TASK GOAL >>
Every line in the data below from the one containing "喜多川里緒菜さんの天運は21画の5点!" down to the one containing "2023年6月29日19:3", both included, must be retyped exactly; no other line is to appear.

DATA RECORDS >>

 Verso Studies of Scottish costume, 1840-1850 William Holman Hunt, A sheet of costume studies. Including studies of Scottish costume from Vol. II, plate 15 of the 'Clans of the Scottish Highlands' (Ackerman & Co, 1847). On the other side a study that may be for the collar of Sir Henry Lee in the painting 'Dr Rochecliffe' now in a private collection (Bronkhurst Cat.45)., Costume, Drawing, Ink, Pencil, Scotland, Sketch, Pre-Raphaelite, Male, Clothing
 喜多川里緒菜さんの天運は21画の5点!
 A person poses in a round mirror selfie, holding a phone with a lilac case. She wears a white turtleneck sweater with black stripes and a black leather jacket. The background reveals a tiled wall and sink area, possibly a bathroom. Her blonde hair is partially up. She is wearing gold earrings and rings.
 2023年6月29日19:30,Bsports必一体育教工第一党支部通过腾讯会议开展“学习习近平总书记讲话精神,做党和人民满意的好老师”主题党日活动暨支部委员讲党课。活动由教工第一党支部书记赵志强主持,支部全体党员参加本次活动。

---

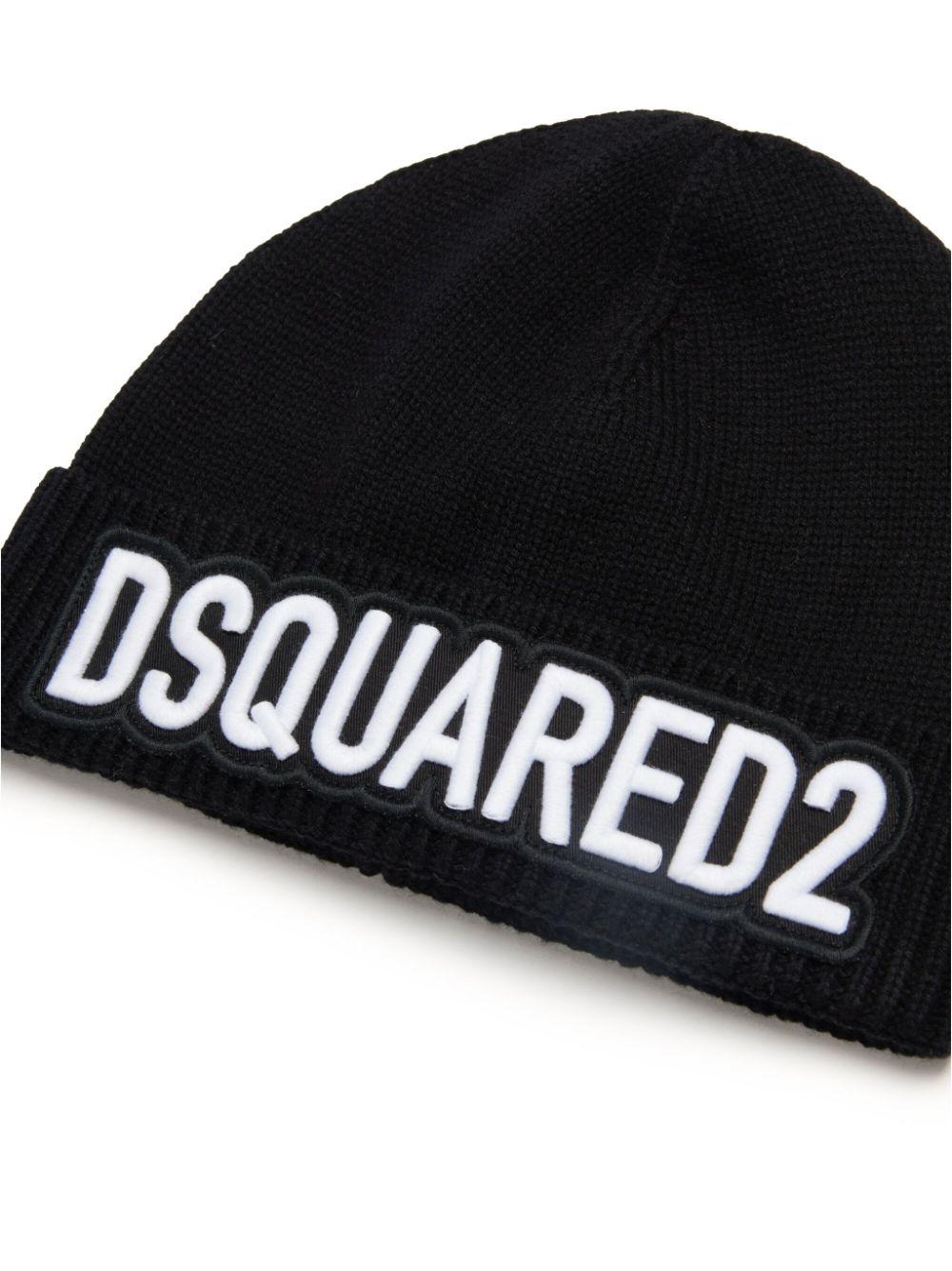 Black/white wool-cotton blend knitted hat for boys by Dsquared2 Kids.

EXPECTED OUTPUT >>
 喜多川里緒菜さんの天運は21画の5点!
 A person poses in a round mirror selfie, holding a phone with a lilac case. She wears a white turtleneck sweater with black stripes and a black leather jacket. The background reveals a tiled wall and sink area, possibly a bathroom. Her blonde hair is partially up. She is wearing gold earrings and rings.
 2023年6月29日19:30,Bsports必一体育教工第一党支部通过腾讯会议开展“学习习近平总书记讲话精神,做党和人民满意的好老师”主题党日活动暨支部委员讲党课。活动由教工第一党支部书记赵志强主持,支部全体党员参加本次活动。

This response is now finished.